Reflecting on Engineering Practice
When I was a boy, playing in the sandbox or building with blocks, I dreamed of building cities. I feel fortunate to be in a profession which allows me to fulfill that dream. To enjoy your job is a more important measure of success than the amount of money in your bank account. My favorite definition of success is borrowed from Ann Landers:
- To laugh often and love much
- To win the respect of intelligent persons and the affection of children
- To earn the approval of honest critics and endure the betrayal of false friends
- To appreciate beauty
- To find the best in others
- To give of one’s self without the slightest thought of return
- To have accomplished a task, whether by a healthy child, a rescued soul, a garden patch, or a redeemed social condition
- To have played and laughed with enthusiasm and sung with exhultation
- To know that even one life has been made easier because you have lived
Civil engineers are the builders of the world. To be effective as builders, we need to define our role as broadly as possible. Civil engineers are mindful that in the broadest sense, they are serving people. It is the branch of engineering closest to the public and their government. In the transportation portion of the profession – the part with which I am most familiar – we have defined our role as promoting the safe and efficient movement of people and goods. Everything we do must be measured against that standard. That means that we have to be involved in more than just signs, signals, and pavement markings. It also means that we must be involved in a broad range of activities not traditionally associated with engineering (Public relations, budgeting, etc.)
Engineers like to handle things, touch them, put them in order, get them organized so they work right, count them and stack them up (make sure they are all there), and to do all of this efficiently. All of this is good in itself, and vital to your success as an engineer – but these valuable characteristics and abilities should come with a broad viewpoint so that your objective does not become so narrow. The skills required to be a successful engineer go beyond engineering analysis. Skills in communication and knowledge of politics, psychology, management, and salesmanship are also required. The successful engineer must develop his professional artistry.
In his book, “The Reflective Practitioner,” Donald Schon, Ford professor of urban studies and education at M.I.T. examines five professions – engineering, architecture, management, psychotherapy, and town planning – to show that most professionals “know more than they can say”; that to meet the unpredictable situations of their daily work, professionals rely less on formulas learned in graduate school than a kind of improvisation learned in practice.
The improvisation, or professional artistry, that Schon is talking about is akin to what baseball pitchers call “finding the groove,” and jazz musicians call “getting a feel” for the music. We are accustomed to thinking of professionals, especially engineers and other science-based ones, as holders of technical skills and specific knowledge. Schon indicates that the essence of professional knowledge is the ability to, as he puts it, “reflect in action”.

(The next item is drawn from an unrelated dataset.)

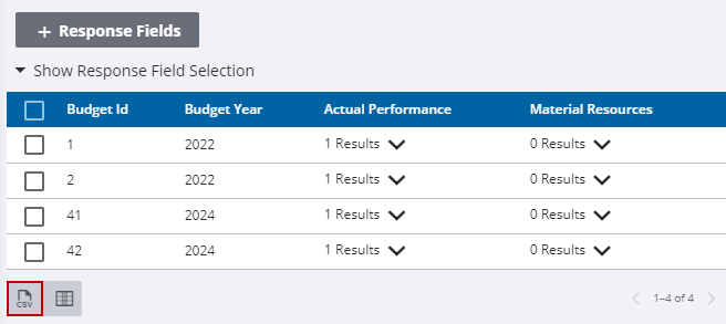 2. Click Export CSV to download the results for the matching response fields.

Just as a skilled tennis player learns to plan the next shot in the split second between exchanges, so, too, do professionals constantly reflect as they take action is their daily work. Schon’s point is that this creative ability is vital to the individual professional’s success and to their collective value to society. Moreover, it is a definable process that can and should be taught and encouraged in schools, business, and government settings – something that happens only rarely now.
This kind of reflection, wherein professionals evaluate and readjust their frame of reference and their view of a problem, is for the most part ignored today in university study in favor of stressing technical skills. Yet this ability is needed more than ever in the professional world. Engineers, for example, are today confronted with an unprecedented “requirement for adaptability”. The dilemma of the professional today lies in the fact that both ends of the gap he is expected to bridge with his profession are changing rapidly; the body of knowledge he must use and the expectations of the society he must serve.
I am proud to be a civil engineer – one of those people servers who gets to fulfill his dream of building a city while serving his fellow man. Being a civil engineer is even more fun than I thought it would be when I was in college. I believe it is important for engineers to define their objectives as broadly as possible and to strive to develop professional artistry.